The team built a modular RAG architecture on AWS with several key components designed for flexibility and scalability. The architecture follows a typical RAG pattern with distinct ingestion and retrieval pipelines, but with notable customizations. The system was designed with a “Lego block” philosophy, allowing components to be swapped out as needed—for example, switching from Amazon Bedrock to OpenAI or a custom SageMaker endpoint.

Key architectural components include:

A static web interface fronted by a load balancer
An ingestion pipeline for processing and vectorizing documents
OpenSearch as the vector store
A feedback loop mechanism to capture positive and negative user feedback for continuous improvement
Integration with external data sources outside HDI’s core infrastructure

The team explicitly chose OpenSearch for its scalability (capable of storing billions of vectors and supporting thousands of queries per second), manageability as an AWS service, and alignment with their existing AWS infrastructure. However, they acknowledged that query latency was an area requiring optimization for their specific use case.

The Experimentation Challenge

One of the most candid and valuable aspects of this case study is the team’s discussion of the overwhelming number of hyperparameters and design decisions in RAG systems. They outlined how initial discussions about prompt engineering, LLM selection, and chunk size quickly expanded to include accuracy metrics, quantization, query rewriting, query expansion, guard rails, few-shot prompting, and evaluation approaches.

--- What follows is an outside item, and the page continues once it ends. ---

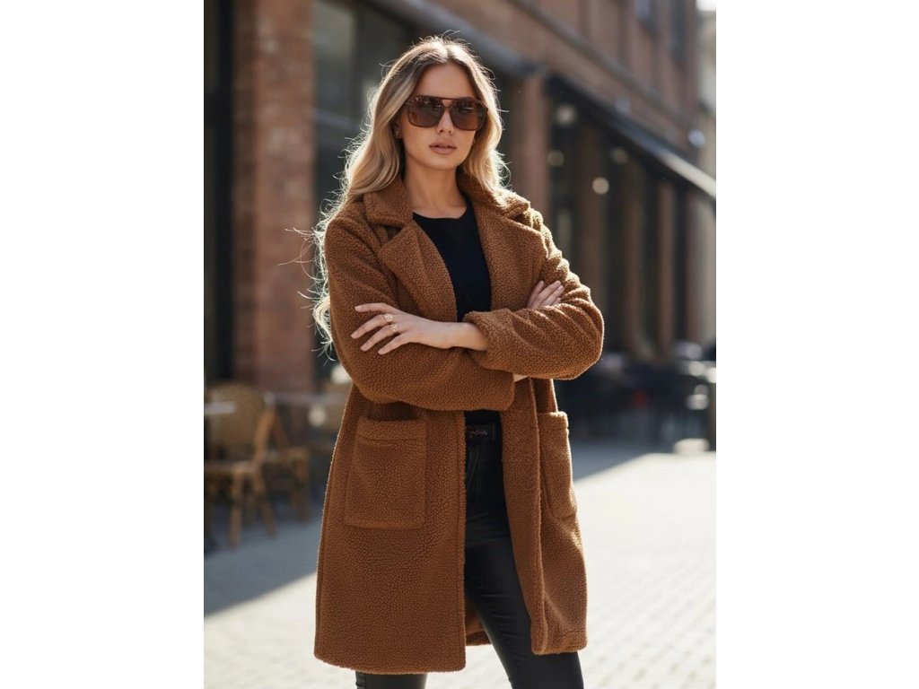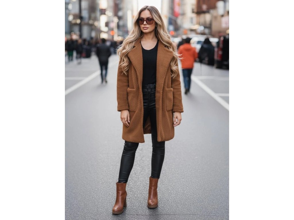 🍂 Univerzálna hnedá farba: Teplý hnedý odtieň (camel) sa fantasticky kombinuje s koženými nohavicami, džínsami aj pletenými šatami.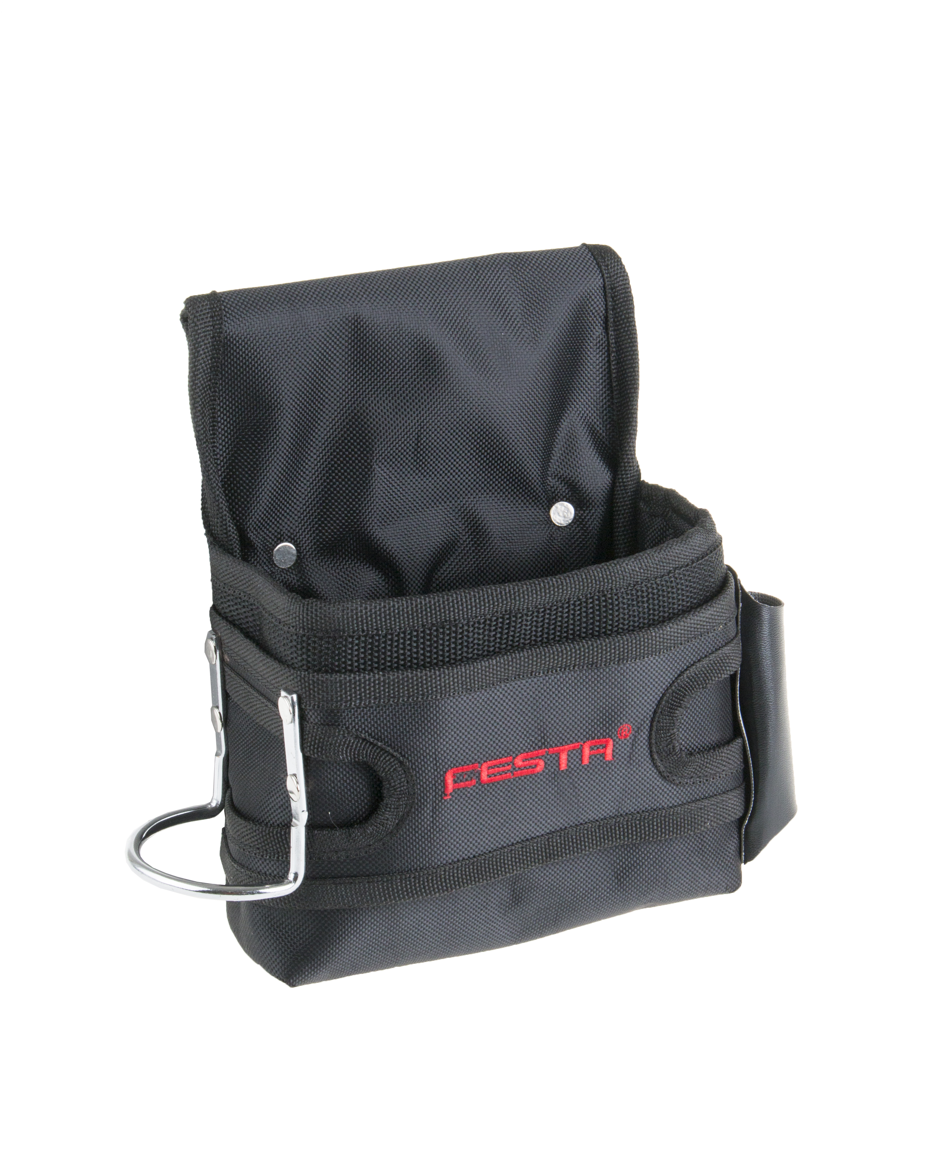 Púzdro na náradie univerzálne, uchytenie na opasok, materiál nylon, kvalitné spracovanie - šité aj nitované, 1 vystužené vrecko, spona na kladivo. Použitie : vrecko pre uloženie napr. spojovacieho materiálu, príp. iného drobného náradia.

The team organized their experimentation across several key areas:

Data Preparation and Ground Truth: Before any optimization could begin, the team needed to establish ground truth datasets. This required engaging domain experts to create question-answer pairs that specified not just what answer was expected, but which documents (and which sections within those documents) contained the relevant information. This was particularly important given that some documents span 300+ pages with relevant information potentially on page 2 and page 300.

Chunking Strategy: The team experimented extensively with chunking approaches. They found that German language documents presented unique challenges due to compound words and abbreviations common in German corporate environments. Some embedding models couldn’t handle these linguistic peculiarities effectively. The team used specialized chunking with markdown conversion, preserving document structure including headers (H1, H2, subheadings) and table headers within each chunk to maintain context.

Embedding Models: The choice of embedding model was complicated by language requirements. English-focused models like those from Cohere have limitations (e.g., 512 token input limits) that constrain options. The team considered training custom in-house models hosted on SageMaker endpoints to handle German-specific linguistic patterns.

Vector Indexing with HNSW: The team did deep optimization of OpenSearch’s HNSW (Hierarchical Navigable Small World) algorithm parameters. They explained the algorithm using a library analogy: finding a book efficiently by following anchor points through levels until reaching the target. Key parameters they optimized included:

M: The number of links/references each “book” (vector) has to neighboring vectors
ef_construction: Controls how thoroughly the librarian (indexing process) searches when placing new items
ef_search: The search-time equivalent affecting retrieval thoroughness

They noted the tradeoffs: higher values improve recall but increase latency and memory usage. They started with defaults prioritizing recall, then adjusted for faster response times as production requirements became clearer.

Experimentation Process and Scale

The team conducted approximately 120 experiments before moving to MVP, a process that took around 3 months. They tracked custom metrics including document recall (which documents are relevant for answering a question) and passage recall (which specific parts within documents contain the answer).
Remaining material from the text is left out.